Material shown Start Marker

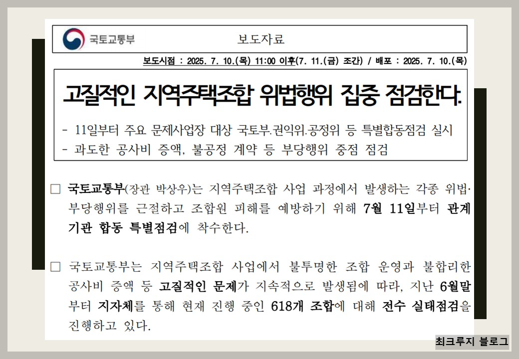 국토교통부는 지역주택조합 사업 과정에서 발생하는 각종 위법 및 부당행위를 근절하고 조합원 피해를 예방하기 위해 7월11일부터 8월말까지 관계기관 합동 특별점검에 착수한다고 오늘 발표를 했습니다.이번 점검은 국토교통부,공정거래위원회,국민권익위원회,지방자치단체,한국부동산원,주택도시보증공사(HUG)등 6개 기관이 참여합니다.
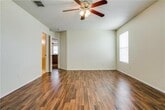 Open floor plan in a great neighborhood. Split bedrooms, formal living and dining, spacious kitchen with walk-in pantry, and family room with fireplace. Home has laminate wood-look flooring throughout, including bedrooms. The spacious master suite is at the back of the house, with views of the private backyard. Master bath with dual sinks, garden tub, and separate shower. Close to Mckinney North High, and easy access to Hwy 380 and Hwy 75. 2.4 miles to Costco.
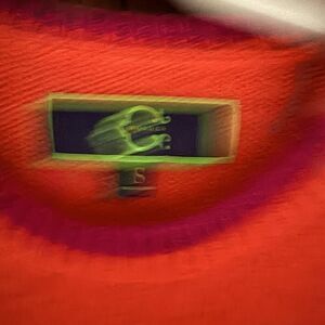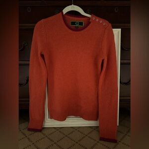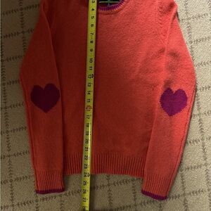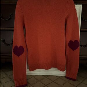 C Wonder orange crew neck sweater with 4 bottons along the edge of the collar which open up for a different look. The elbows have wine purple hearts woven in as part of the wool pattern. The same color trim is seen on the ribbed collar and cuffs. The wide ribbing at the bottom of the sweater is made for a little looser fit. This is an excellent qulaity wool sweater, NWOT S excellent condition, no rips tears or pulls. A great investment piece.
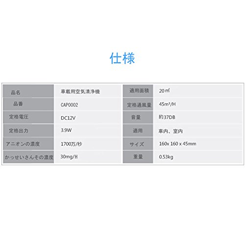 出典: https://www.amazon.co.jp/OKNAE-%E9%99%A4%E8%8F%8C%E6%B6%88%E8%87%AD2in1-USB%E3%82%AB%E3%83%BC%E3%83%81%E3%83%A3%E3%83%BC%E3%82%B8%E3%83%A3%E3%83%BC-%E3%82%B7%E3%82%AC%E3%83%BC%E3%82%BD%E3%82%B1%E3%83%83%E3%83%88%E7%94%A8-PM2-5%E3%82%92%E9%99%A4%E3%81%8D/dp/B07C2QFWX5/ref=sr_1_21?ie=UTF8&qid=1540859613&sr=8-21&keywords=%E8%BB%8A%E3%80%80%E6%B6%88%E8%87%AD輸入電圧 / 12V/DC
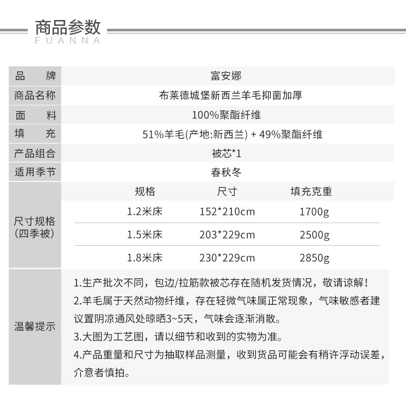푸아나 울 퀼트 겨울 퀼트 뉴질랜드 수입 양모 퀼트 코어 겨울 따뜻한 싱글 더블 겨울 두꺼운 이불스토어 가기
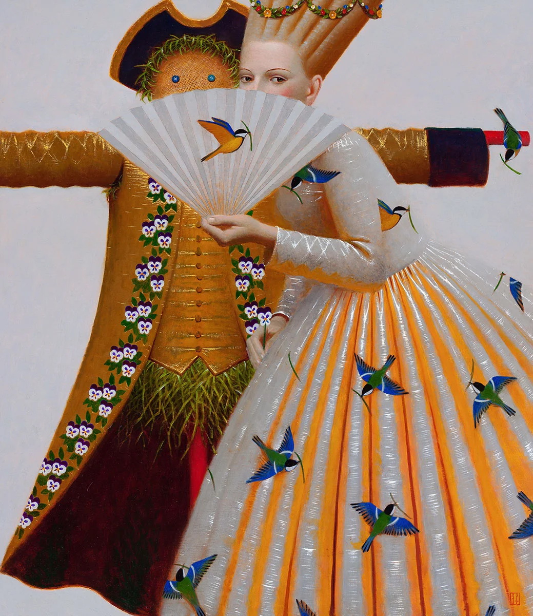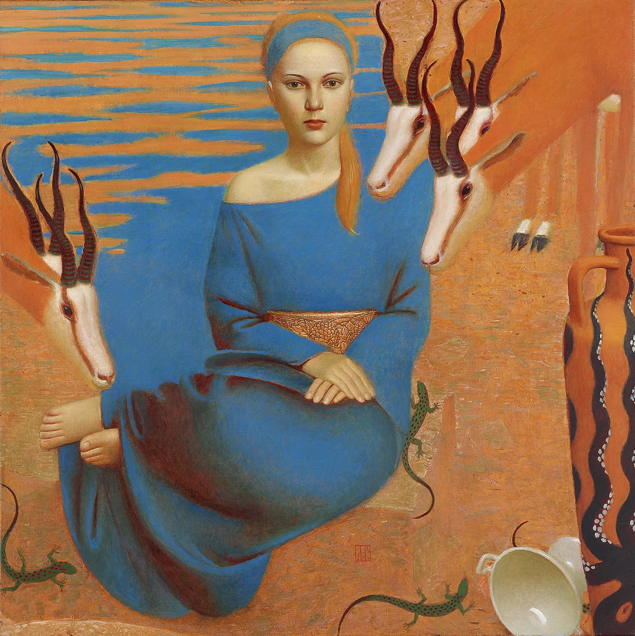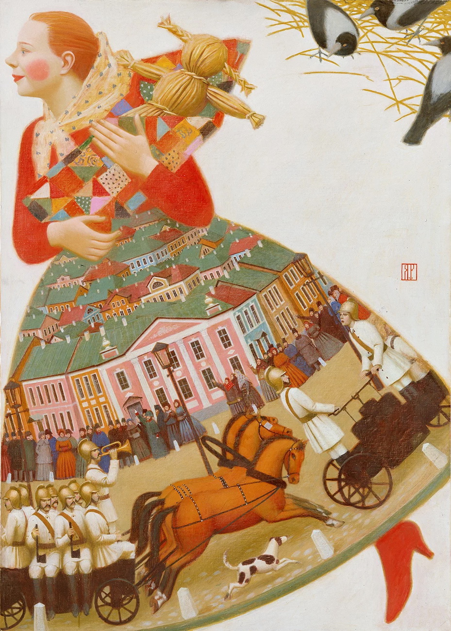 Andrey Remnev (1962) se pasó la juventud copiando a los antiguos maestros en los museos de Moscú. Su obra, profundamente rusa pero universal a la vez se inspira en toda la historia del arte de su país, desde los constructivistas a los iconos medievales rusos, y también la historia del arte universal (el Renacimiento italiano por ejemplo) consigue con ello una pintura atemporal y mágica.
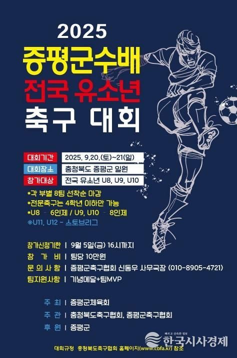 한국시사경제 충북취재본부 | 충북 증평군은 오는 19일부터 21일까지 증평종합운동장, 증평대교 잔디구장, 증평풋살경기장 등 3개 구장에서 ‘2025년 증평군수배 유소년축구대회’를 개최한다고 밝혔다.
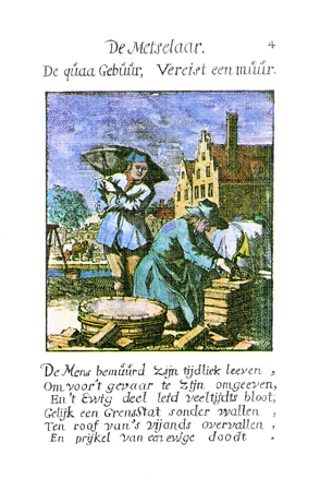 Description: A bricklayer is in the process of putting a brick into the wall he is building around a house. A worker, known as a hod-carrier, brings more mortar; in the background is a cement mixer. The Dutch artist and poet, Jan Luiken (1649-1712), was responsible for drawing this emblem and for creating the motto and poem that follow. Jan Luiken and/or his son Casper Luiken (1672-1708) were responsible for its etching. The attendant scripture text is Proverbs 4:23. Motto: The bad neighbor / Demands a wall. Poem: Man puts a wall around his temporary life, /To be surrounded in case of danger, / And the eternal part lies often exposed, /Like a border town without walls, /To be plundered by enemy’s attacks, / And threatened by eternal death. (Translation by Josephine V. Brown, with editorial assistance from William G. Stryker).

Material shown End Marker

Exercise goal: Reproduce exactly the lines of the entries above from the first through the line with "C Wonder orange", both included; pictures should not be reproduced.

Answer box:
 국토교통부는 지역주택조합 사업 과정에서 발생하는 각종 위법 및 부당행위를 근절하고 조합원 피해를 예방하기 위해 7월11일부터 8월말까지 관계기관 합동 특별점검에 착수한다고 오늘 발표를 했습니다.이번 점검은 국토교통부,공정거래위원회,국민권익위원회,지방자치단체,한국부동산원,주택도시보증공사(HUG)등 6개 기관이 참여합니다.
 Open floor plan in a great neighborhood. Split bedrooms, formal living and dining, spacious kitchen with walk-in pantry, and family room with fireplace. Home has laminate wood-look flooring throughout, including bedrooms. The spacious master suite is at the back of the house, with views of the private backyard. Master bath with dual sinks, garden tub, and separate shower. Close to Mckinney North High, and easy access to Hwy 380 and Hwy 75. 2.4 miles to Costco.
 C Wonder orange crew neck sweater with 4 bottons along the edge of the collar which open up for a different look. The elbows have wine purple hearts woven in as part of the wool pattern. The same color trim is seen on the ribbed collar and cuffs. The wide ribbing at the bottom of the sweater is made for a little looser fit. This is an excellent qulaity wool sweater, NWOT S excellent condition, no rips tears or pulls. A great investment piece.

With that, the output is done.